The answer consists solely of the lines running from the one with "景色もさることながら、宿泊客" through the final line below, transcribed exactly and without any pictures.

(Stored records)
- - -
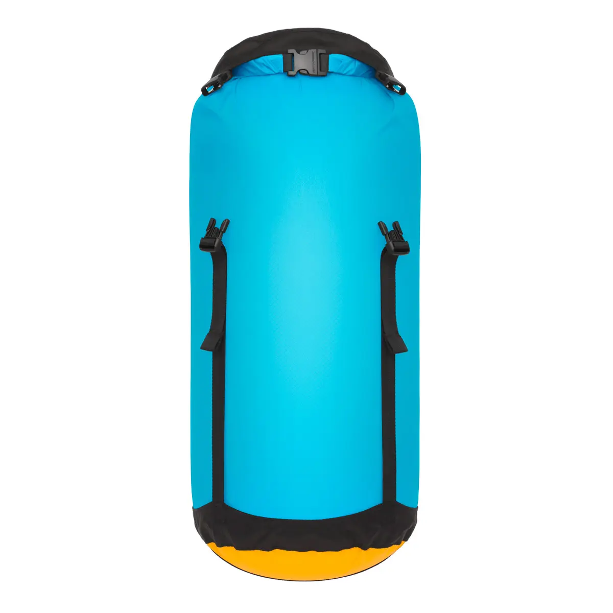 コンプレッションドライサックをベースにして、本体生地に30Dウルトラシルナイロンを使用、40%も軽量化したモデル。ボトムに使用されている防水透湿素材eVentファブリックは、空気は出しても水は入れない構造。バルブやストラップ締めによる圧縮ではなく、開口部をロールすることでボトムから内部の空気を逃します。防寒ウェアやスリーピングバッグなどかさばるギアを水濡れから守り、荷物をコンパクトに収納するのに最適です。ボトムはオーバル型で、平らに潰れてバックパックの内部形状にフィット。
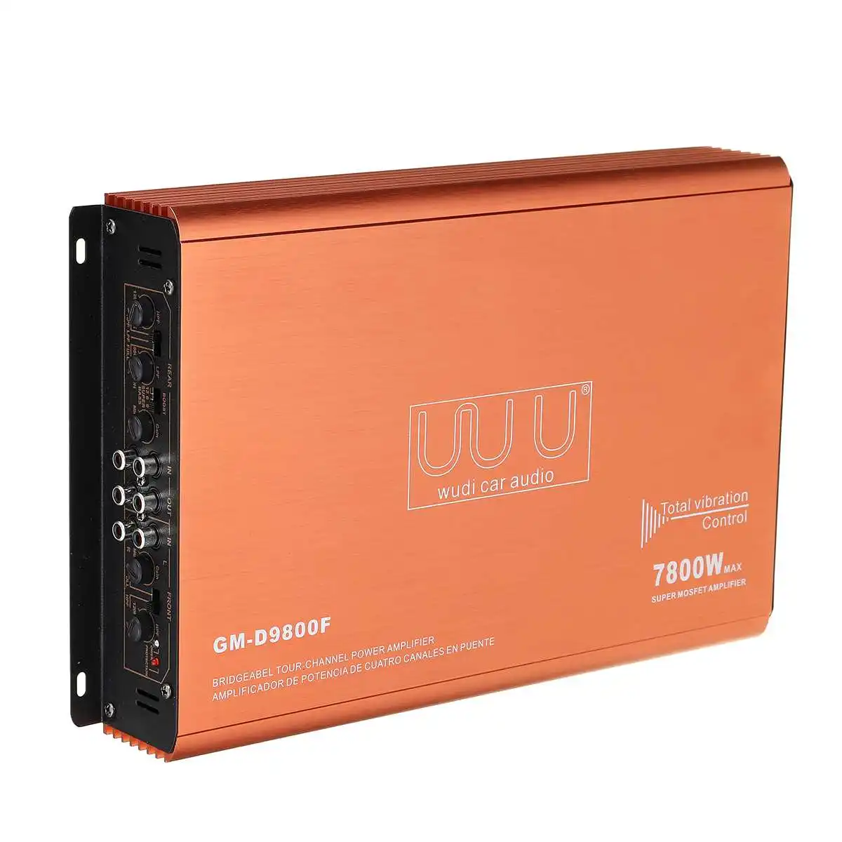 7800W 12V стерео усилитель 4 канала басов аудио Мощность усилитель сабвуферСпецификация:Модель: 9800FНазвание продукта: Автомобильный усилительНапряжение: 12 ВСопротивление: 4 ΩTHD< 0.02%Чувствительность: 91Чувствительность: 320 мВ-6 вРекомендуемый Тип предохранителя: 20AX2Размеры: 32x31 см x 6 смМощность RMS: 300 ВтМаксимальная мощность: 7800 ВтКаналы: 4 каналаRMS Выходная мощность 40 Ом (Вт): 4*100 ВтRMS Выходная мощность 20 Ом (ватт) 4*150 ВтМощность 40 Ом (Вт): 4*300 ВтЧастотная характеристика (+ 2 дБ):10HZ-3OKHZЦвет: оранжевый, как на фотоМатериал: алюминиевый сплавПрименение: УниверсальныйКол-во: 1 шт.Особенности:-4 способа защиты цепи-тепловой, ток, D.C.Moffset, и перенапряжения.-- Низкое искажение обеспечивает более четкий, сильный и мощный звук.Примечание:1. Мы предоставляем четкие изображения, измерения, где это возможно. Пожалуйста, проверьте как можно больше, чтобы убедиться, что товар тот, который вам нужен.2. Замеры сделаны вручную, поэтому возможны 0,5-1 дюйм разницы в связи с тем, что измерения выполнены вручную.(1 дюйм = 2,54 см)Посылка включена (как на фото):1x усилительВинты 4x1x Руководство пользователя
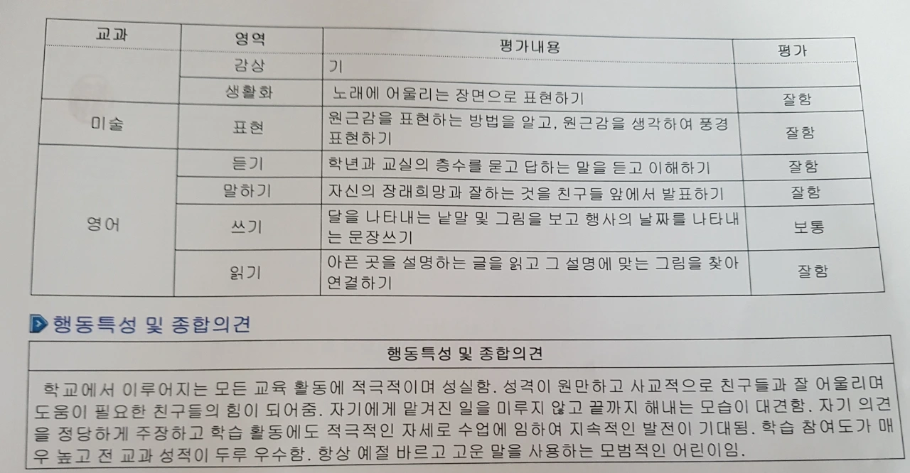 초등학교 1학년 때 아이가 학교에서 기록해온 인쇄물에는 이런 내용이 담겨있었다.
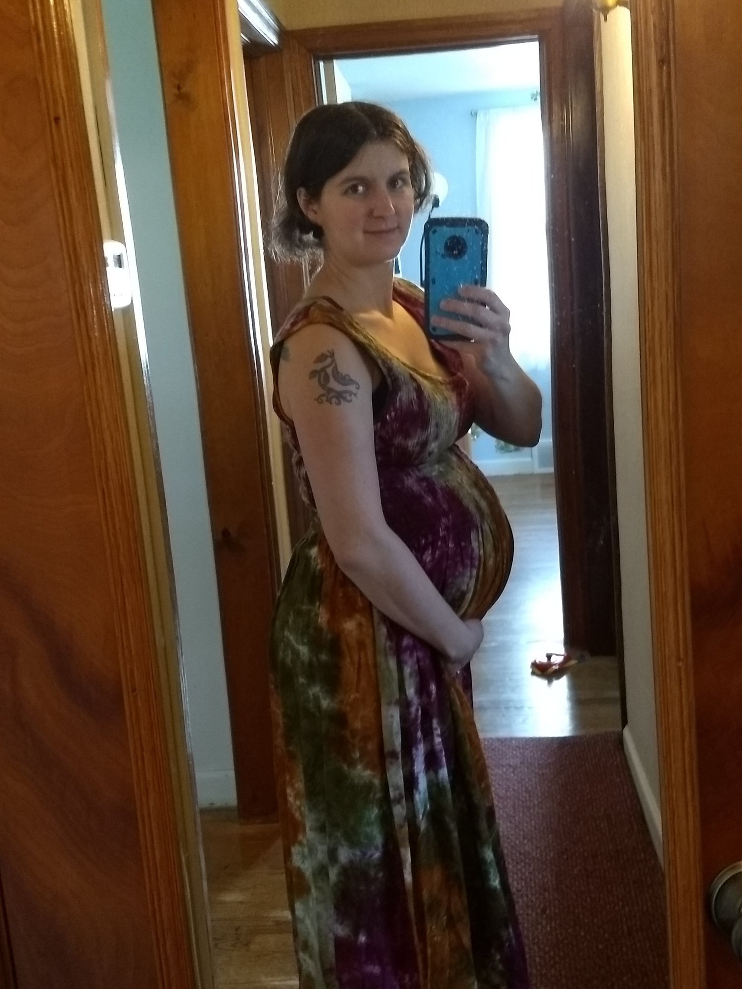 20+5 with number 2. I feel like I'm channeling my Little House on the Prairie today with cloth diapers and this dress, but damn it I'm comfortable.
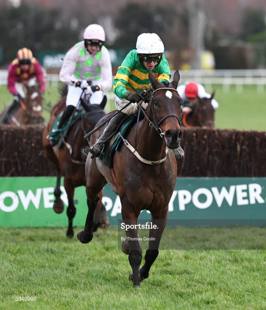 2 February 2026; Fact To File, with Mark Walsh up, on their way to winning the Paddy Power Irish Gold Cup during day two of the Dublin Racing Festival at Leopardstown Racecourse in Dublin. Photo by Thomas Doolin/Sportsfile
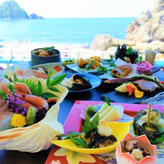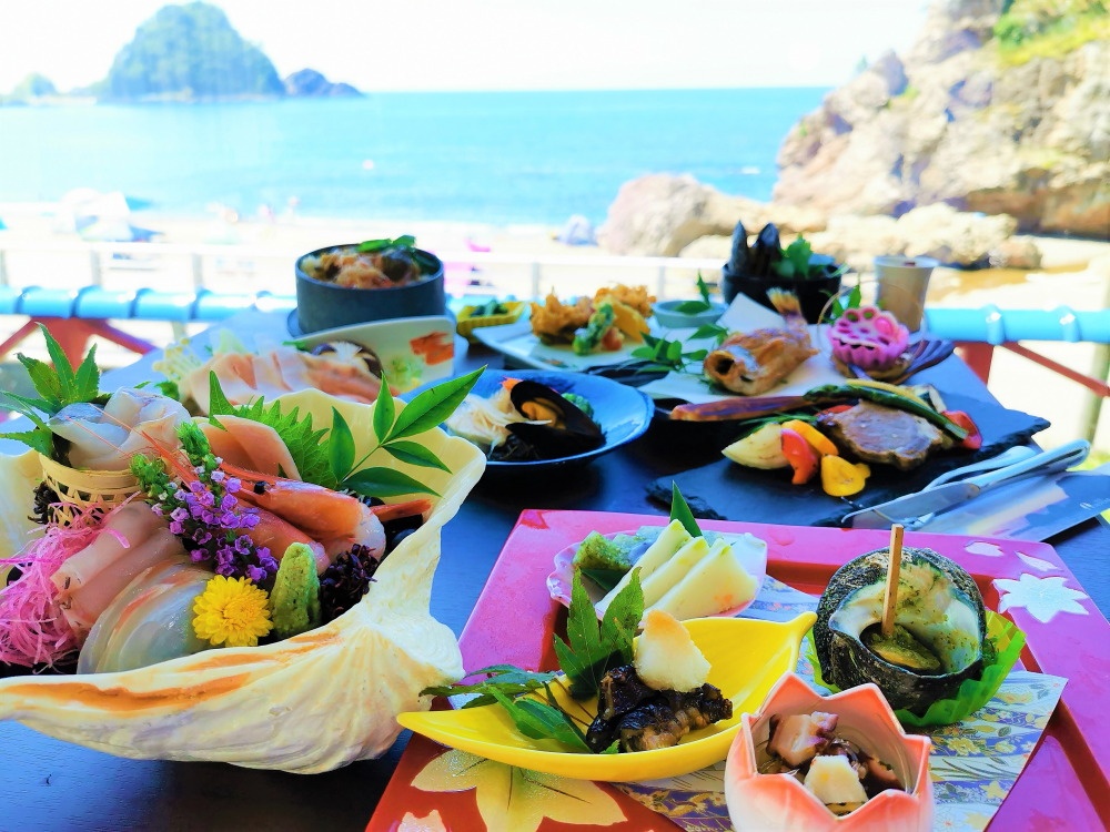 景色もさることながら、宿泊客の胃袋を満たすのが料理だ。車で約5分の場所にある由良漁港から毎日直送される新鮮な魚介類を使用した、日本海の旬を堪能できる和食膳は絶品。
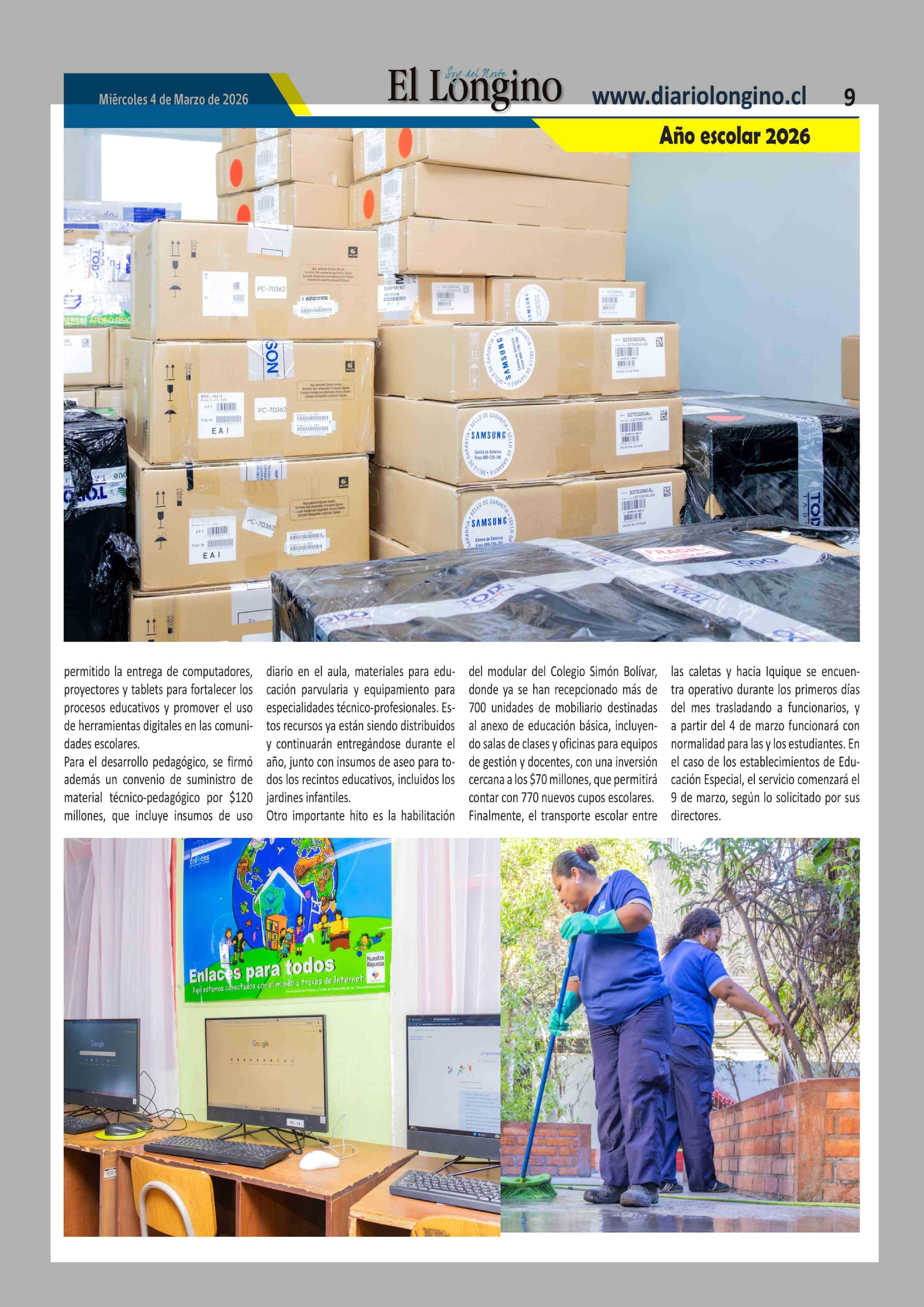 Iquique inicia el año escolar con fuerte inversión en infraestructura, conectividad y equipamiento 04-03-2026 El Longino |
- - -
▸ RESPONSE TO THE EXERCISE:
 景色もさることながら、宿泊客の胃袋を満たすのが料理だ。車で約5分の場所にある由良漁港から毎日直送される新鮮な魚介類を使用した、日本海の旬を堪能できる和食膳は絶品。
 Iquique inicia el año escolar con fuerte inversión en infraestructura, conectividad y equipamiento 04-03-2026 El Longino |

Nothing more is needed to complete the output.